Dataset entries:
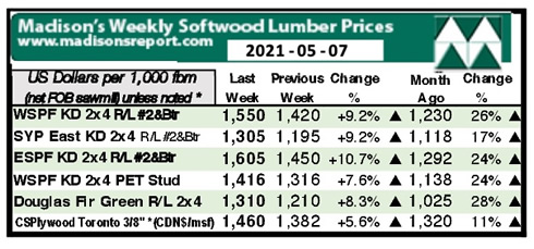 Észak-amerikai fűrészáru árak május elején [kereskedés alapegysége 1000 board feet-nek megfelelő faanyag (1000 fbm = kb. 2,359 köbméter)]
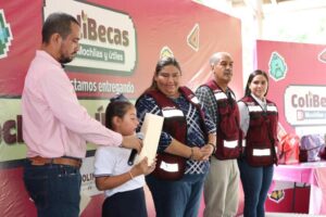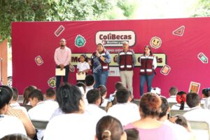 Al hacer la entrega en representación de la gobernadora Indira Vizcaíno Silva, la encargada del despacho de la Secretaría de Bienestar, Inclusión Social y Mujeres, Zalia María Gutiérrez Verduzco, recordó que el Gobierno de Colima trabaja para garantizar que todas y todos los estudiantes tengan las herramientas necesarias para continuar su educación y también para apoyar la economía familiar, y que por ello se creó ColiBecas.
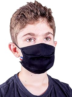 Masque Barrière de Protection Visage Catégorie 1 UNS1 Tissu Lavable Made in France, Normes AFNOR, 3 couches dont filtre, par Lot de Deux Pièces, Taille (S) enfants (Noir)
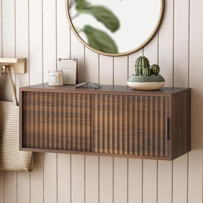 Fluted Floating TV Stand, 30" Multi-Purpose Modern TV Display Shelf Console Entertainment Center Cabinet with Sliding Doors for Bedroom Living Room Entryway, Brown
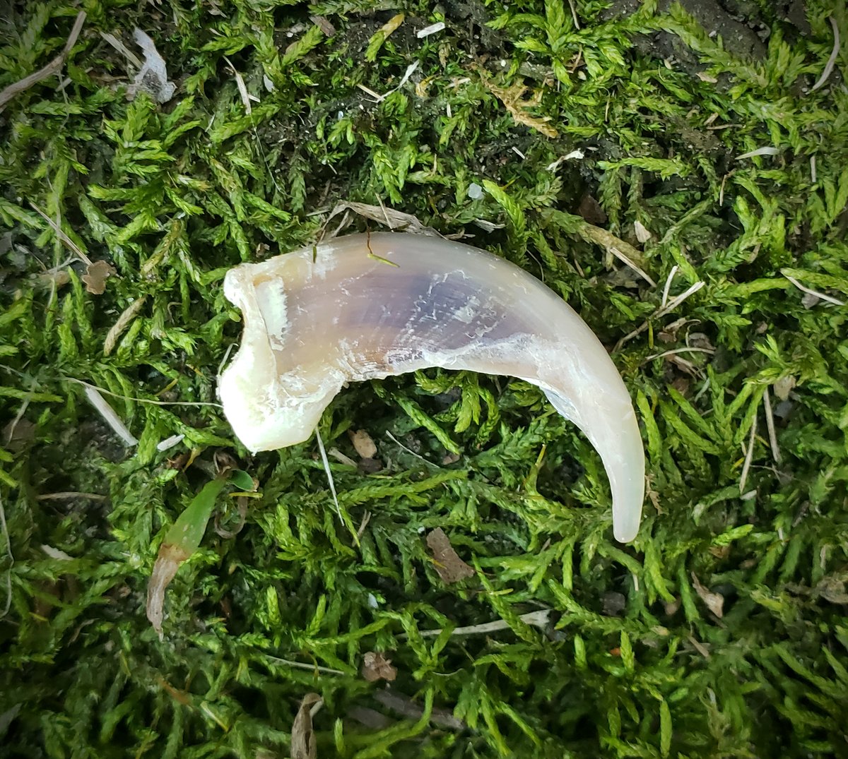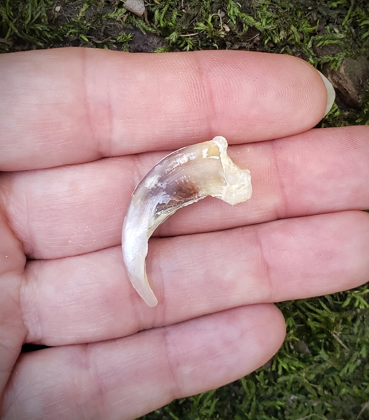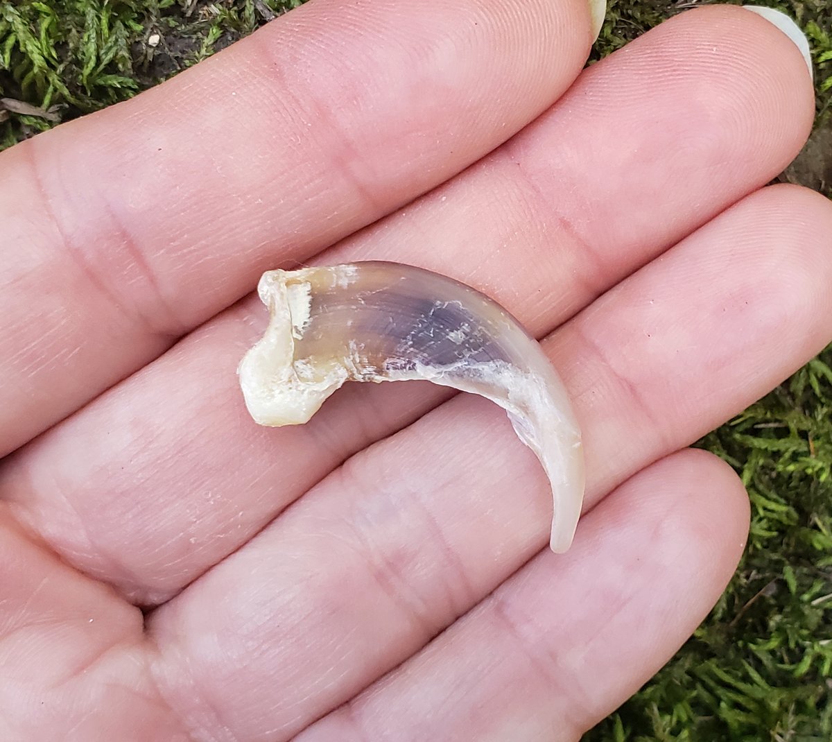 This genuine claw is from a white Grey Wolf (Canis lupus). It is pale with an ivory tip. There is some flaking on each side. Hard to find in this color.
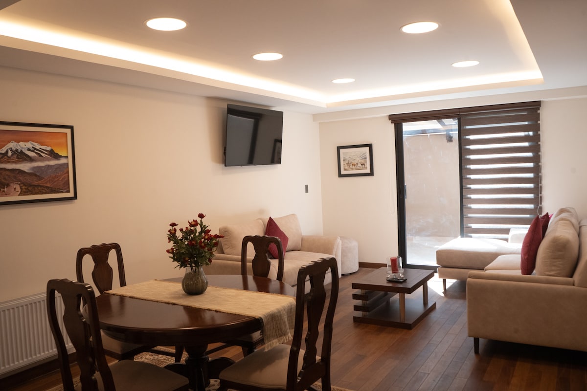 Con cambio de ropa blanca cada 15 días en reservas de más de 1 mes, sin costo. cuenta con Netflix. Departamento acogedor, amplio y seguro, en la zona centro de la ciudad de La Paz; por ello cuenta con todo tipo de servicios cerca. El Transporte Público (incluido el Teleférico), es constante y te lleva a todas parte de La Paz y El Alto. Se encuentra cerca de Facultad de Medicina y Post grado UMSA y Estadio H.Siles. encantador,ideal para parejas o profesionales. Espacioso, cálido y artístico .
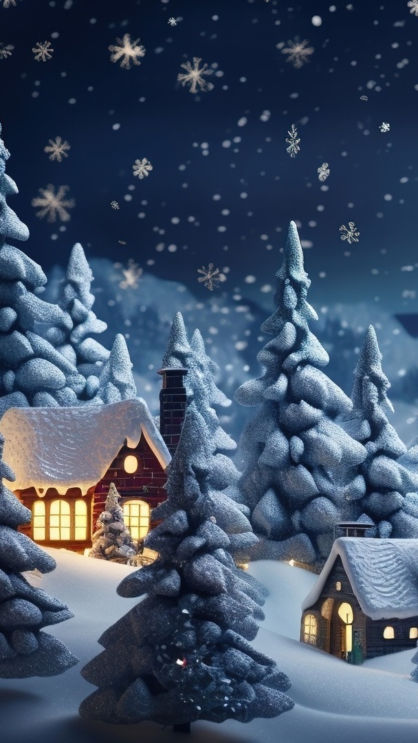 Edytor tapety: Domki wśród ośnieżonych drzew
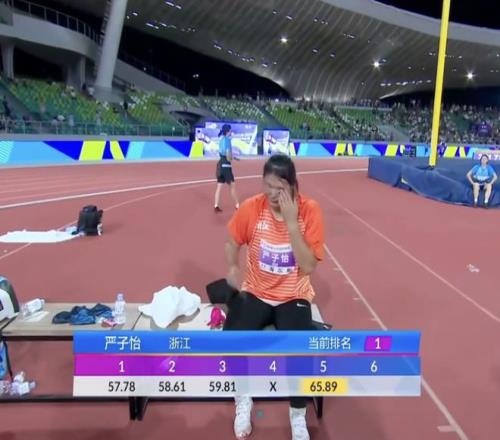 严子怡的坚持得到了回报,她在第五枪投出了65米89的成绩,一举刷新了女子标枪的青年世界纪录。在完成这一投后,严子怡哭了,泪水夺眶而出,她拽起衣角试图擦掉眼泪,但泪水还是不停地流下来。
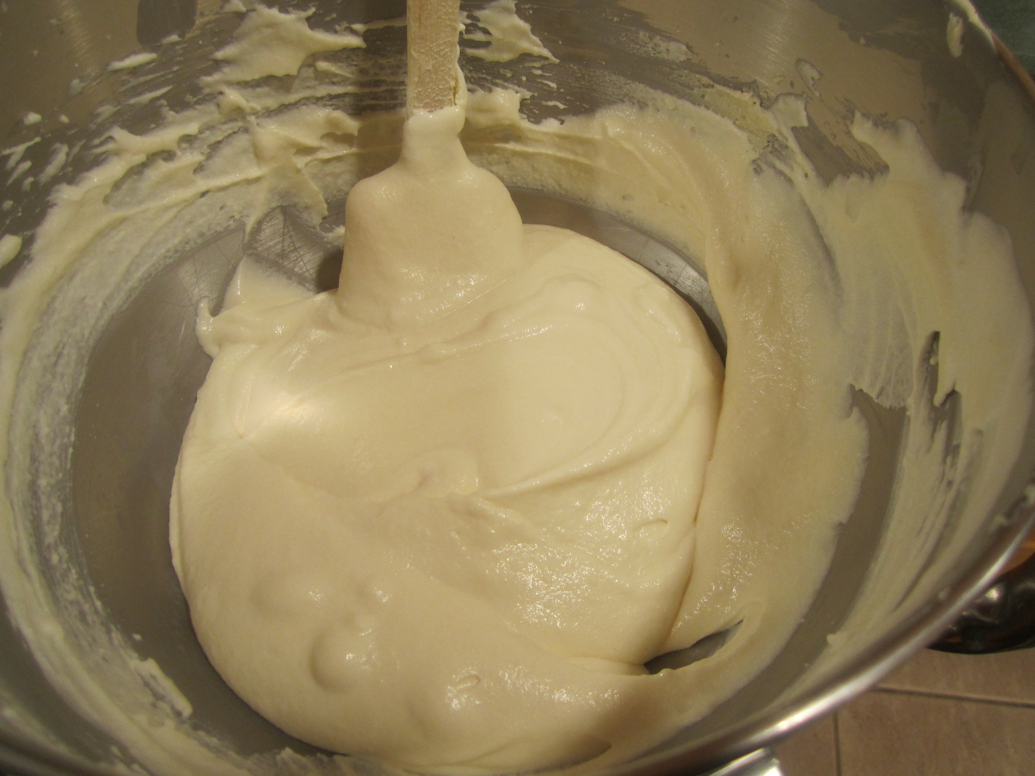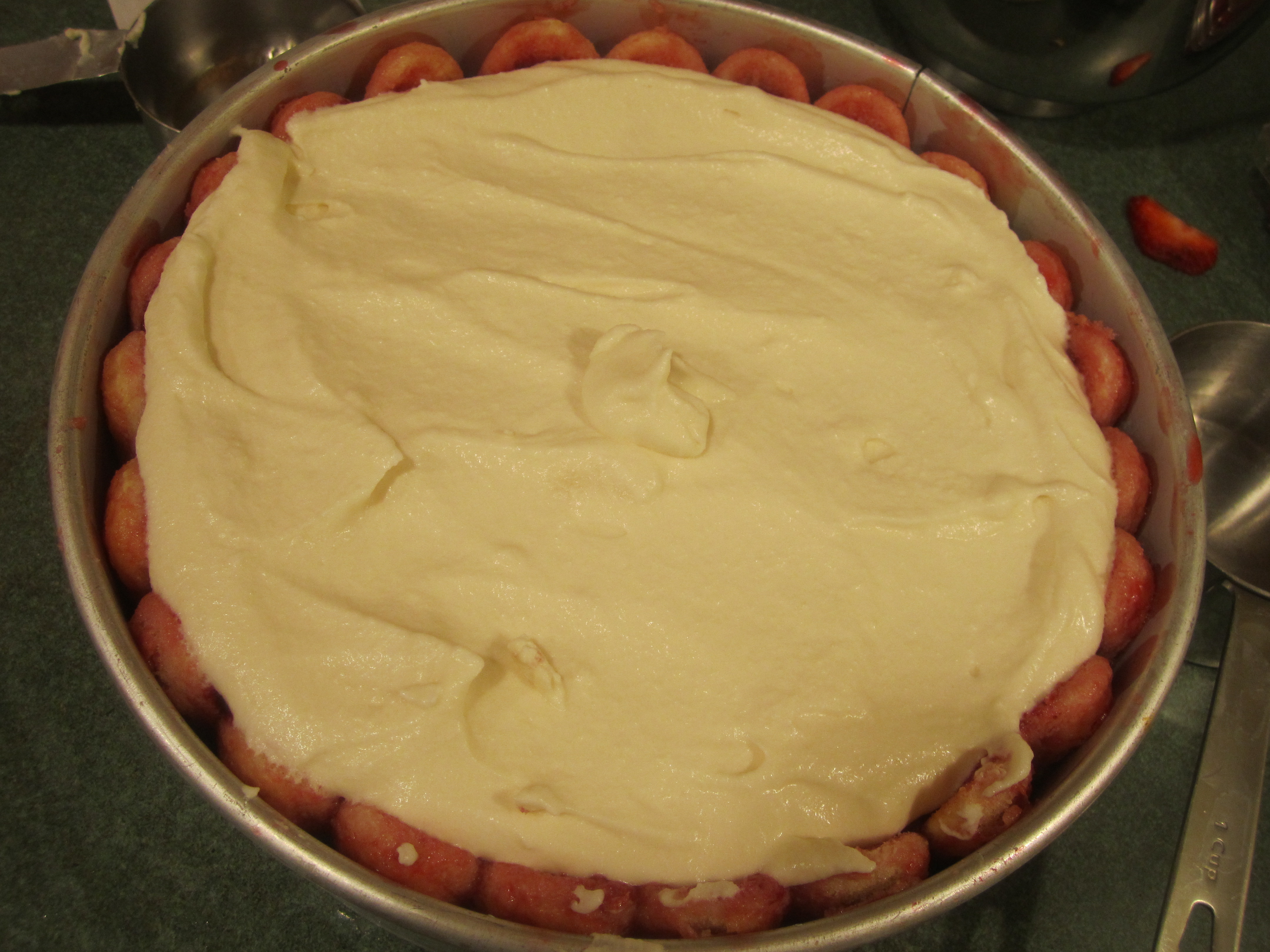 Set up your springform pan, making sure the bottom is securely in place. Unwrap your ladyfingers. Take a section of ladyfingers and dip them quickly in the juice and place on the side of the springform pan, with the flat side facing out. Continue this way until the edges are wrapped in raspberry juiced ladyfingers. Continue in the same manner with the bottom of the springform pan, covering the bottom completely. This may mean tearing up some ladyfingers to fit and squishing them in to form a pretty solid bottom of ladyfingers.
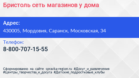 Бристоль, сеть магазинов у дома по адресу 430005, Мордовия, Саранск, Московская, 34 в дальнейшем Организация, размещена в следующих категориях:
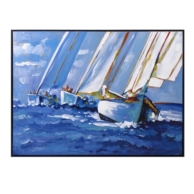 - A spirited yacht race in vibrant blue orange and white is depicted in this coastal-inspired oil painting with floating frame.
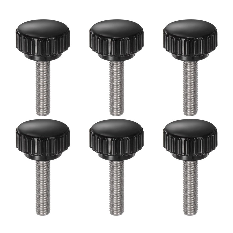 - Standard thread size: M6 (1 mm pitch); thread length: 25 mm/0.98 inches; knurled head diameter: 22 mm/0.87 inches; total height: 39 mm/1.54 inches. The screws are neat and clear, the force is uniform and it is not easy to slip.
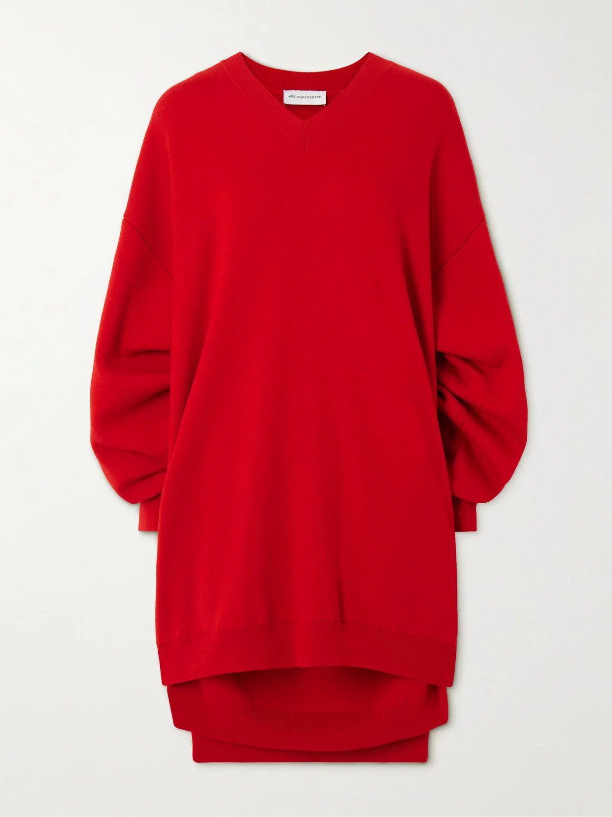 Marie Adam-Leenaerdt's collections are designed with a focus on specific details and the particular cut. Debuted on the Fall '24 runway, this dress is made from layers of bright-red wool that peek out at the hem. The loose shape is pinched at the sides to create an unexpectedly fitted reverse.
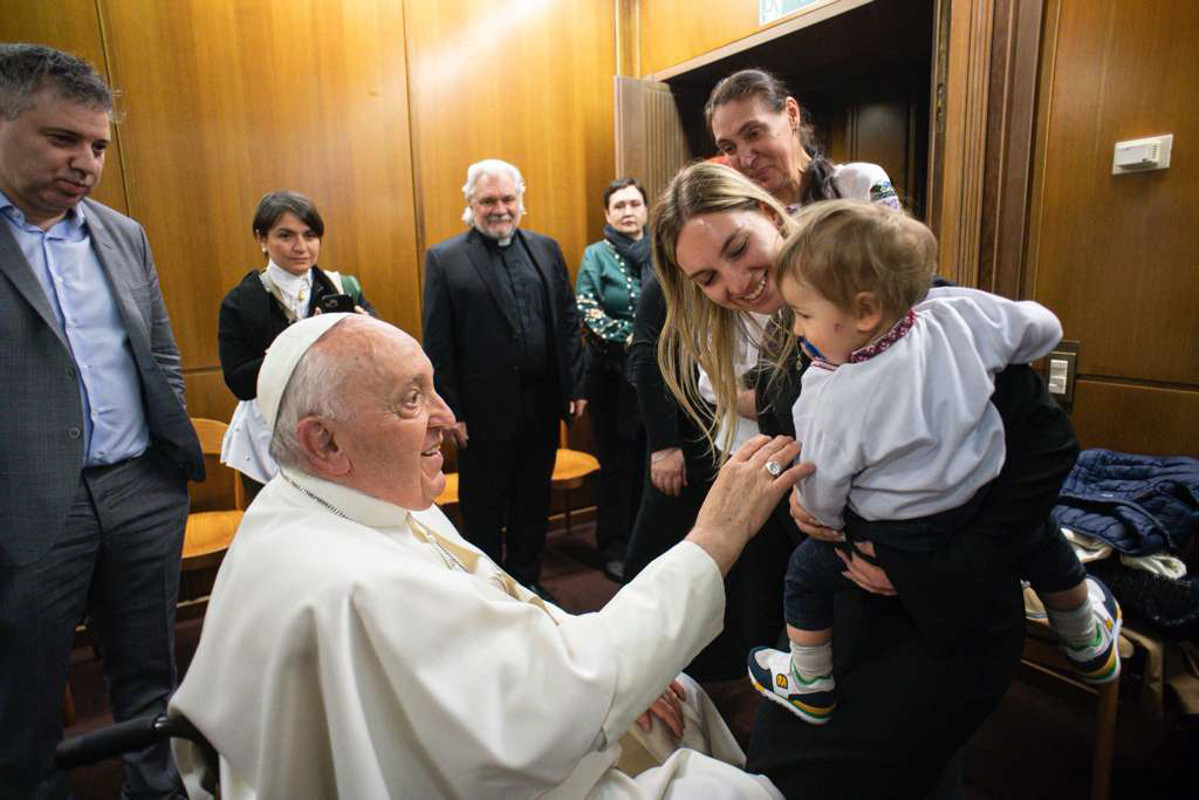 Анна Зайцева з сином на зустрічі з Папою Франциском. Фото: архів Євгена Афінеєвського
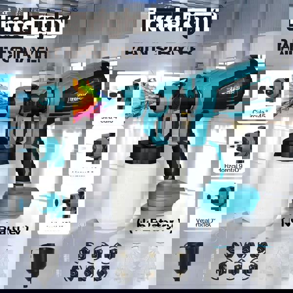 This Traderight cordless paint sprayer is designed to make painting faster cleaner and more controllable for home improvement and DIY projects. Powered by an efficient motor and compatible with 18V lithium-ion batteries it delivers adjustable spray flow for smooth even coverage while reducing paint waste and overspray. With multiple spray patterns and a full set of interchangeable nozzles it easily adapts to walls fences furniture and detailed surfaces helping users achieve professional-looking results without the effort of brushes or rollers.

• [WORK TO COMPLETE] Give again, exactly as written above, each line from the one that has "Бристоль, сеть магазинов" to the one that has "- Standard thread", both included; omit the pictures.

• [TASK OUTPUT]
 Бристоль, сеть магазинов у дома по адресу 430005, Мордовия, Саранск, Московская, 34 в дальнейшем Организация, размещена в следующих категориях:
 - A spirited yacht race in vibrant blue orange and white is depicted in this coastal-inspired oil painting with floating frame.
 - Standard thread size: M6 (1 mm pitch); thread length: 25 mm/0.98 inches; knurled head diameter: 22 mm/0.87 inches; total height: 39 mm/1.54 inches. The screws are neat and clear, the force is uniform and it is not easy to slip.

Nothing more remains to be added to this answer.